The IRS has the statutory right to record a Notice of Federal Tax Lien against a taxpayer’s home, other real estate, and personal property. See 26 U.S.C. §6323. Such a lien provides the IRS with the right to a taxpayer’s assets superior to any later recorded junior liens. In the event of liquidation, the IRS would be paid in full prior to any junior lienholders receiving any money.
A taxpayer attempted to eliminate/void the IRS’ lien by filing Chapter 13 bankruptcy in Ryan v. United States, 725 F.3d 623 (7th Cir. 2013). In Ryan, taxpayer failed to file taxes for the years 2006 thru 2010. The IRS responded by filing a Notice of Federal Tax Lien against taxpayer’s real property and personal property. Subsequently, taxpayer lost his home for delinquent real estate taxes and did not own a bank account or vehicle when he filed bankruptcy. In fact, debtor’s total assets were worth only $1,625 as of the bankruptcy filing date.

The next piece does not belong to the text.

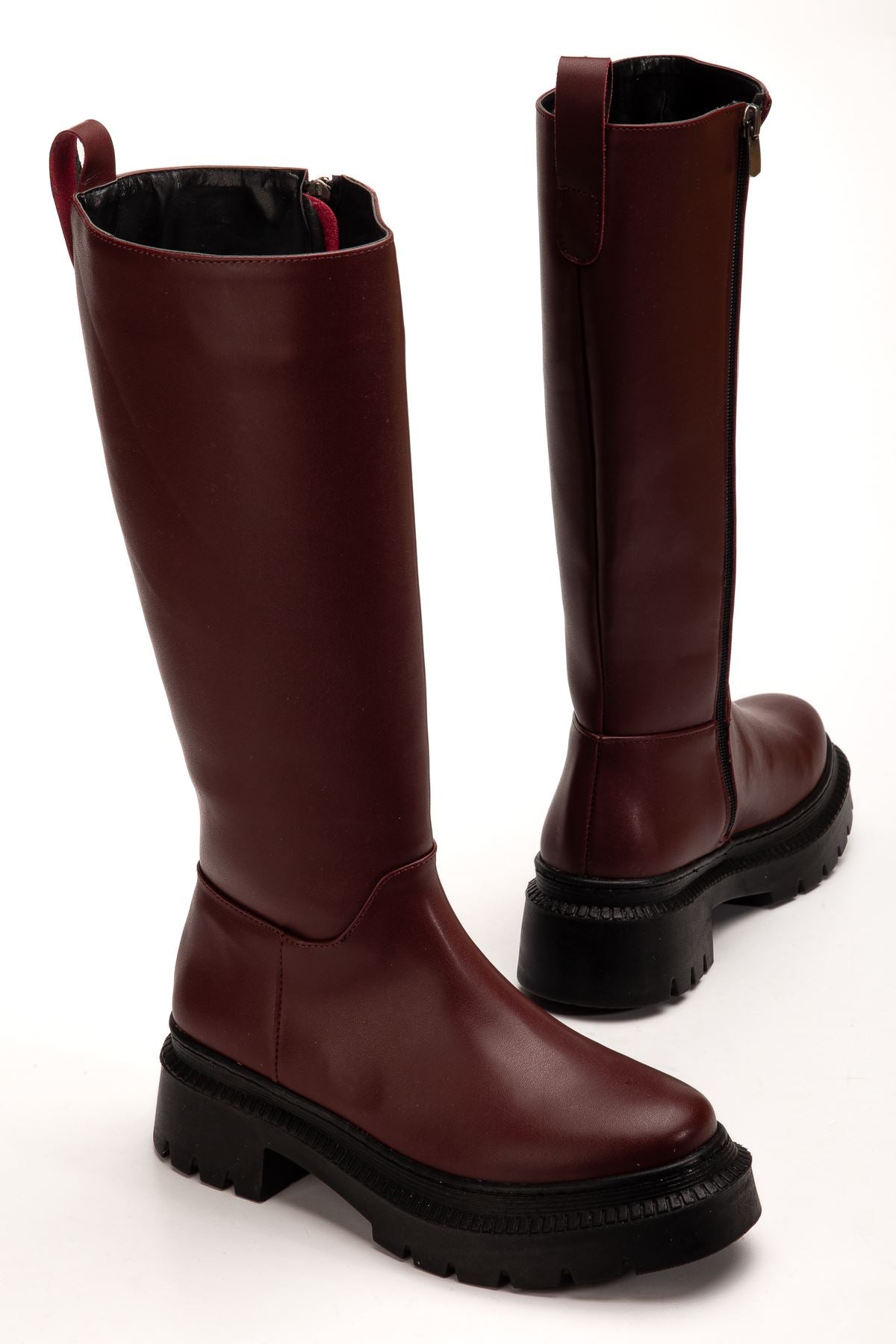 Yenney Bordo Kalın Topuklu Fermuarlı Kadın Çizme

Taxpayer attempted to reduce the tax lien to the asset value of $1,625. Taxpayer alleged that §506(a) allows a taxpayer to bifurcate the IRS’ claim between a secured claim component to the extent of any assets and an unsecured claim component for the remaining debt. Then, taxpayer asserted that §506(d) of the Bankruptcy Code allowed a taxpayer to “stripdown” the lien to the value of the property, citing 11 U.S.C. §506(d). The IRS agreed with the bifurcation, but objected to the lien being voided and argued that §506(d) does not authorize the bankruptcy court to void the federal tax lien to the extend it exceeded the value of the assets.
The Ryan court looked for guidance in the U.S. Supreme Court’s decision in Dewsnup v. Timm, 502 U.S. 410 (1992). In Dewsnup, the Supreme Court considered the proper interpretation of §506, and held that §§506(a) and 506(d) did not have to be read together, and that the term “allowed secured claim” in §506(d) was not defined by reference to §506(a). Instead, the Court determined that, consistent with preCode rules that liens pass through bankruptcy unaffected, the term “allowed secured claim” in §506(d) means a claim that is, first, allowed under §502 and, second, secured by a lien enforceable under state law, without regard to whether that claim would have been deemed secured or unsecured under §506(a).
Therefore, the Ryan court found that the IRS’ claim was secured by a lien enforceable under state law, and then held that the IRS’ claim could NOT be stripped down pursuant to §506(d). However, the Ryan court noted in dicta that the IRS’ claim could be stripped down pursuant to other sections of the Bankruptcy Code, including 11 U.S.C. §1325.